**ABOUT THIS EXERCISE:** Print out the data that follows exactly, character for character, apart from the pictures.

-- SOURCE MATERIAL follows --

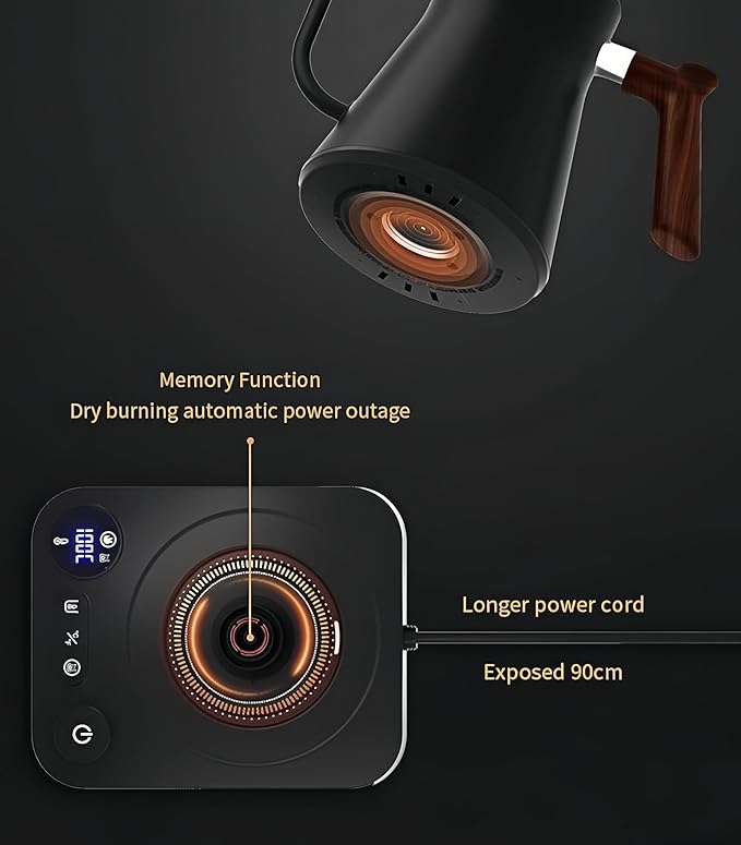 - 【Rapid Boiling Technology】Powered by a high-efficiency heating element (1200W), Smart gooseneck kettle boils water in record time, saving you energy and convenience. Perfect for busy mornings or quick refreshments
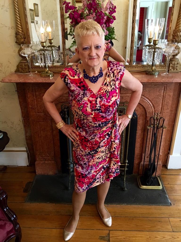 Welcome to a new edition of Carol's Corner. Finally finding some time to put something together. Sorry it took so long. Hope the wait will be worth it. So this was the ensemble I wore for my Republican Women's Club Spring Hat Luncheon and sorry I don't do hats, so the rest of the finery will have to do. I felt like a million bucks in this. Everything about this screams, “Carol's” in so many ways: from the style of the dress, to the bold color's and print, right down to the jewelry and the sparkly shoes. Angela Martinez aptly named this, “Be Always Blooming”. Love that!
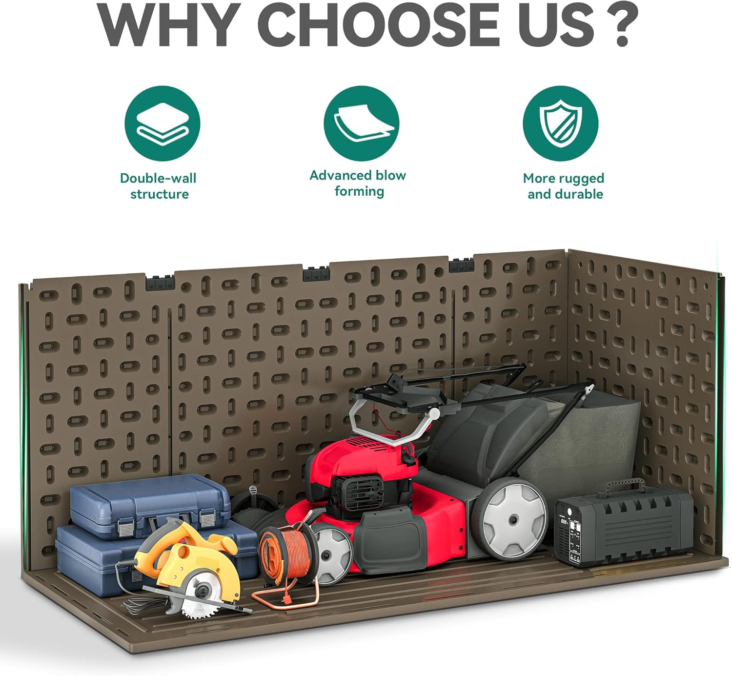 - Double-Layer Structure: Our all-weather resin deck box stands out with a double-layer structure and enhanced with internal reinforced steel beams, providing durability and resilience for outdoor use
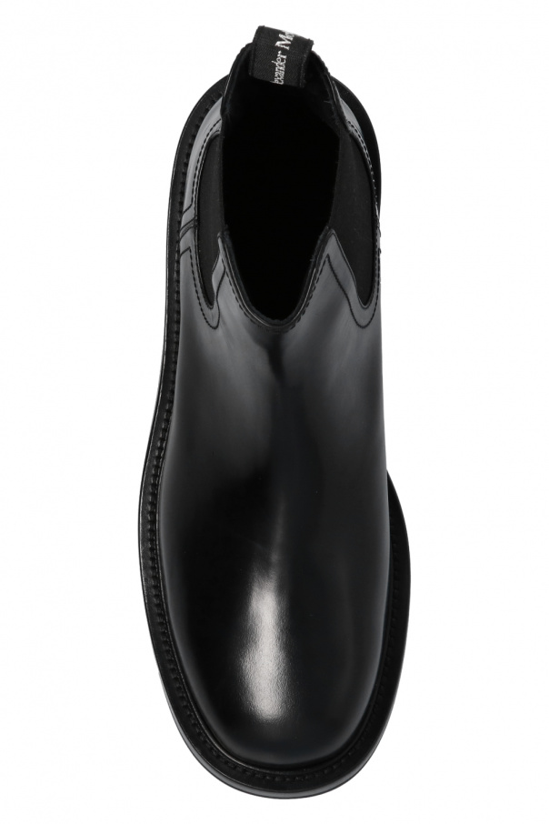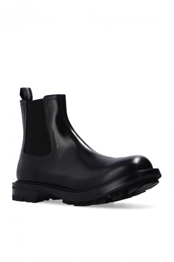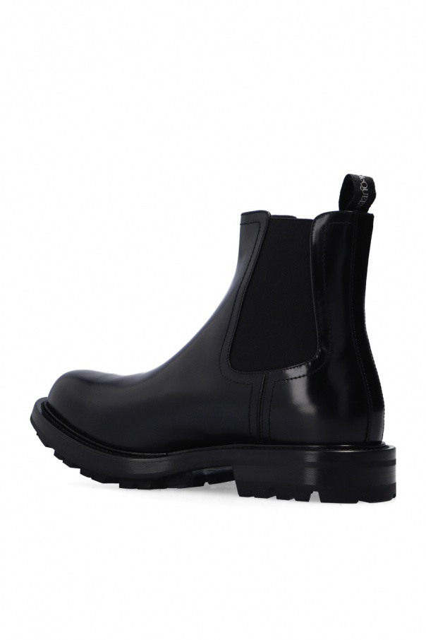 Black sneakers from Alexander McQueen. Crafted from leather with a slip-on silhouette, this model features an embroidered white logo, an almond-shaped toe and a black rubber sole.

-- SOURCE MATERIAL concluded --

**EXERCISE RESULT:**
 - 【Rapid Boiling Technology】Powered by a high-efficiency heating element (1200W), Smart gooseneck kettle boils water in record time, saving you energy and convenience. Perfect for busy mornings or quick refreshments
 Welcome to a new edition of Carol's Corner. Finally finding some time to put something together. Sorry it took so long. Hope the wait will be worth it. So this was the ensemble I wore for my Republican Women's Club Spring Hat Luncheon and sorry I don't do hats, so the rest of the finery will have to do. I felt like a million bucks in this. Everything about this screams, “Carol's” in so many ways: from the style of the dress, to the bold color's and print, right down to the jewelry and the sparkly shoes. Angela Martinez aptly named this, “Be Always Blooming”. Love that!
 - Double-Layer Structure: Our all-weather resin deck box stands out with a double-layer structure and enhanced with internal reinforced steel beams, providing durability and resilience for outdoor use
 Black sneakers from Alexander McQueen. Crafted from leather with a slip-on silhouette, this model features an embroidered white logo, an almond-shaped toe and a black rubber sole.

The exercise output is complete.